_Required action:_ Skip any pictures. Repeat the data exactly, from its first line through the line that holds "of the film.", both included.
Data block START
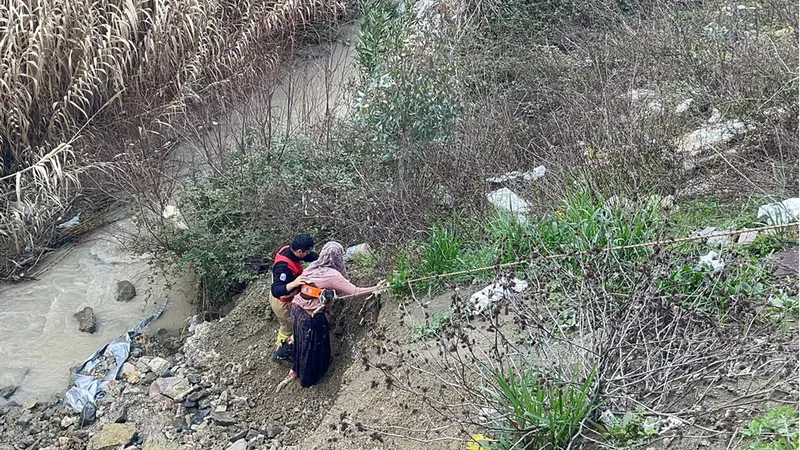 Hatay'da dereye düşen oğlağı çıkarırken mahsur kalan kişi kurtarıldı
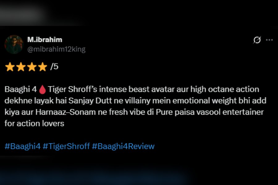 “In Baaghi 4, Tiger Shroff’s intense beast avatar and high-octane action is worth watching. Sanjay Dutt’s villainy adds emotional weight and Harnaaz Sandhu, Sonam Bajwa also lend a fresh vibe to the film. Pure paisa vasool entertainer for action lovers,” wrote an X user, heaping praise on the cast of the film.
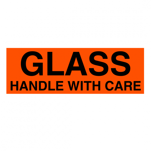 - Message: Bold black “GLASS HANDLE WITH CARE” text on a bright orange background to ensure proper handling
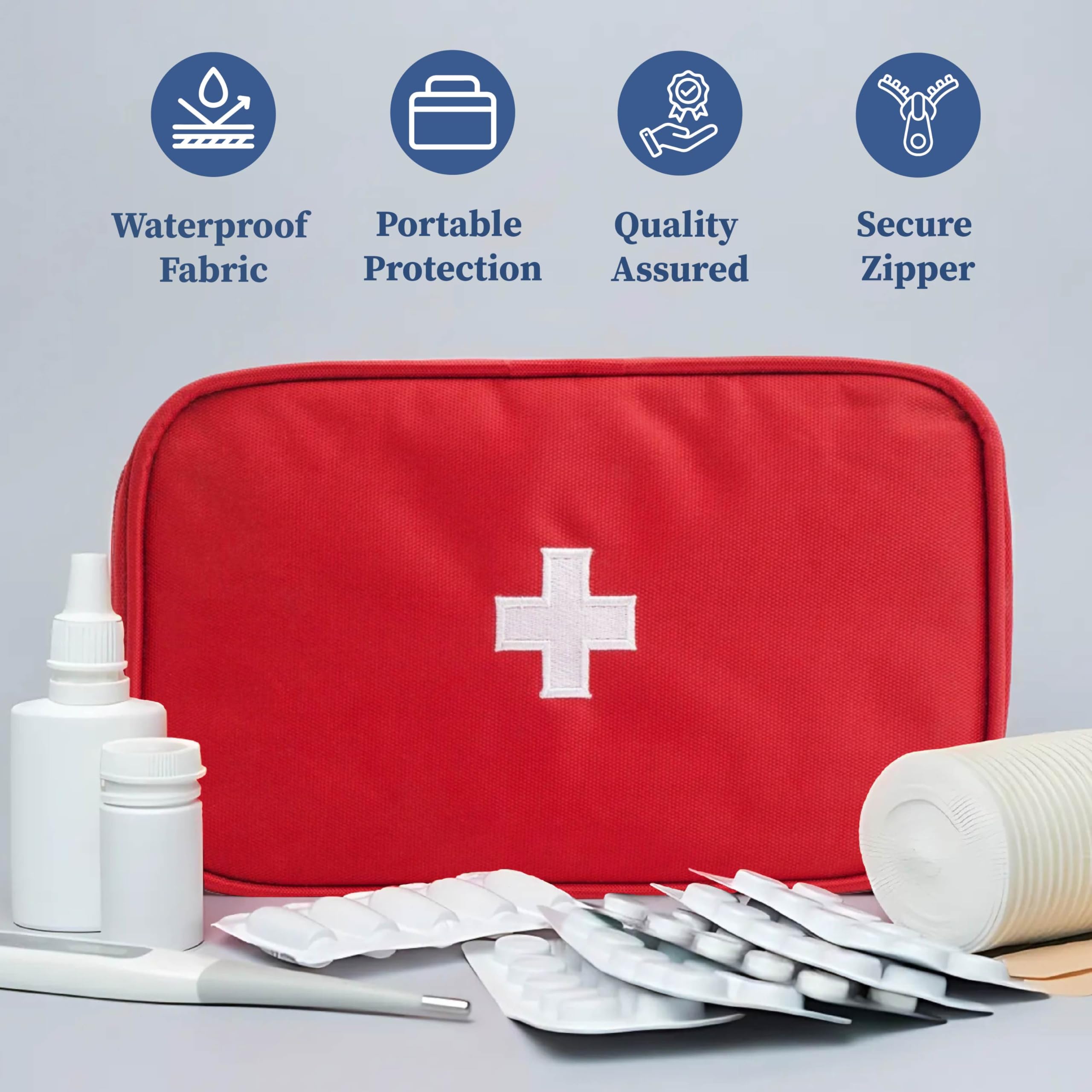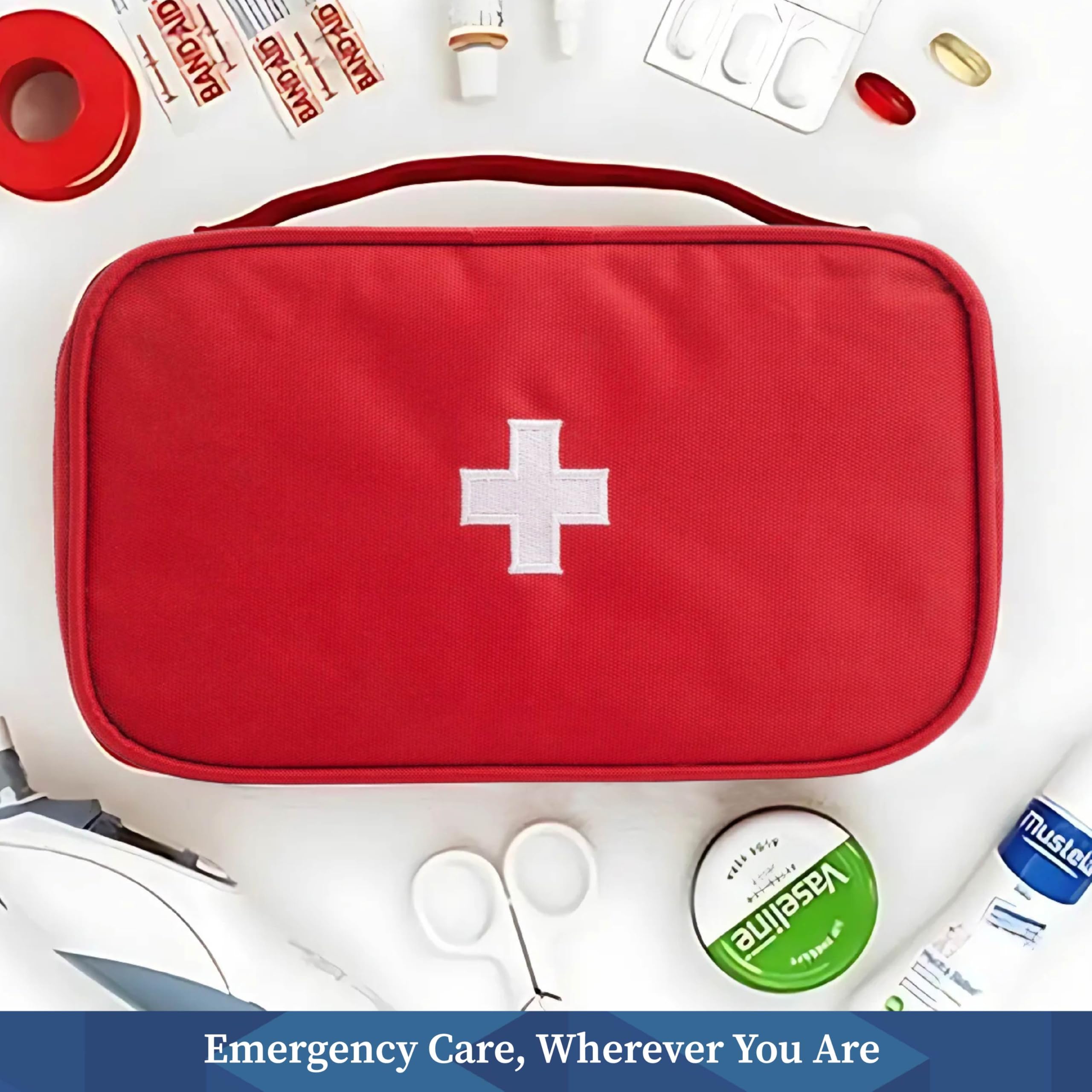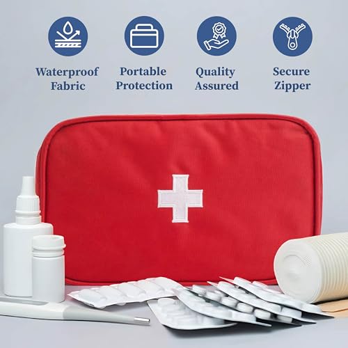 HomeKitchenContainersProduce Storage BagsHomeStrap First Aid Kit Bag | Medicine Storage Box | Multi-Utility With Handle | Portable & Spacious Emergency Kit Organizer With Mesh Pouch & Elastic Loops | Perfect For Travel Camping Home red
Data block END
_Exercise response:_
 Hatay'da dereye düşen oğlağı çıkarırken mahsur kalan kişi kurtarıldı
 “In Baaghi 4, Tiger Shroff’s intense beast avatar and high-octane action is worth watching. Sanjay Dutt’s villainy adds emotional weight and Harnaaz Sandhu, Sonam Bajwa also lend a fresh vibe to the film. Pure paisa vasool entertainer for action lovers,” wrote an X user, heaping praise on the cast of the film.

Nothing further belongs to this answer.